The Avon Longitudinal Study of Parents and Children (ALSPAC) is a population based study investigating the health and development of children ( Women living in three health districts of Bristol, England with expected delivery dates between April 1991 and December 1992 were eligible; 14 541(85%) were enrolled, and 13 678 had a singleton, live born child. Of these, 11 713 completed a food frequency questionnaire at 32 weeks gestation (based on current diet), and 7431 of their children attended a clinic where BP was measured at approximately age 7½. Analysis was based on 6944 mother-child pairs with diet and BP information.
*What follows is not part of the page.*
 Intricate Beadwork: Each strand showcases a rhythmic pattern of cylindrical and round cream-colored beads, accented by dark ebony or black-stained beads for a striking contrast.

Ethical approval for the study was obtained from the ALSPAC and local research ethics committees.

Twelve nutrient intakes (plus protein to carbohydrate ratio4) were derived from the maternal food frequency questionnaires based on standard sized portions;7 all of these had been associated with offspring blood pressure in previous animal or human studies. Mean systolic and diastolic BP values were recorded for the children while seated, based on two right arm measurements from a Dinamap 9301 vital signs monitor (cuff size appropriate for upper arm circumference).
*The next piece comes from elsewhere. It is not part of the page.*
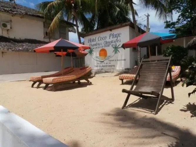 Отель Coco Plage, адрес на карте Носи-Бе, Routes des PNB Ambatoloaka, с характеристиками номеров и возможностью онлайн бронирования на ресурсе vashotel.ru , стоимость проживания и удобства.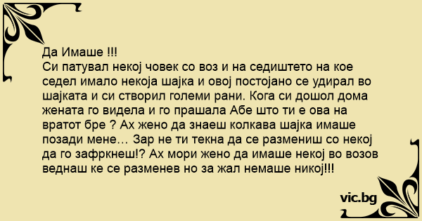 Си патувал некој човек со воз и на седиштето на кое седел имало некоја шајка и овој постојано се удирал во шајката и си створил големи рани. Кога си дошол дома жената го видела и го прашала Абе што ти е ова на вратот бре ? Ах жено да знаеш колкава шајка имаше позади мене… Зар не ти текна да се размениш со некој да го зафркнеш!? Ах мори жено да имаше некој во возов веднаш ке се разменев но за жал немаше никој!!!

Confounder information was obtained from maternal self-reported questionnaires, obstetric records, and the children’s clinic. These were grouped into BP measurement factors (room temperature, time of day, state of the child), child’s anthropometry (weight, height, body mass index (BMI) (weight/height2)), maternal factors (age at delivery, pre-pregnancy weight, height, BMI, previous high BP, smoking in pregnancy), social factors (partner during pregnancy, mother and partner social class and education, family income), birth weight and gestation at delivery. Mothers reported use of dietary supplements and pills/medicines during pregnancy, but as dose and frequency were not available, this information could not be combined with the nutrient intakes.

Effects of confounding factors on offspring BP were assessed using linear regression. Associations between each maternal nutrient in quartiles (treated as categorical variables to calculate beta values, with p values for trends across the categories) and offspring BP were firstly examined using separate minimally adjusted models (sex, child’s age at time of BP, maternal energy intake (as a continuous variable)). Analyses were repeated with additional adjustment for all other confounders. Two pre-specified interactions (maternal protein and carbohydrate,2 and maternal calcium and child’s BMI6) were tested using subgroups.


There was a suggestion of an inverse association between maternal omega-3 fatty acids and offspring BP, but this was lost after full adjustment (table 1). Carbohydrate was directly associated with systolic BP, but only after full adjustment, and there were no other relations with systolic BP (table 1). There were no relations between maternal diet and offspring diastolic BP.

Table 1

 Regressions of offspring systolic BP (mm Hg) at age 7½ on maternal dietary variables (32 weeks gestation)

When the children were grouped according to maternal animal protein (<50 g/day v ⩾50 g/day), the positive effects of maternal carbohydrate on offspring BP did not reach significance in either group (p ⩾ 0.1 for all). After grouping the children according to BMI quartiles, the effects of maternal calcium on offspring BP (positive in middle half, negative in extremes of BMI) did not reach significance (p ⩾ 0.1 for all). Adjusting for use of calcium supplements and/or antacids containing calcium did not alter any of the relations between maternal dietary calcium and offspring BP.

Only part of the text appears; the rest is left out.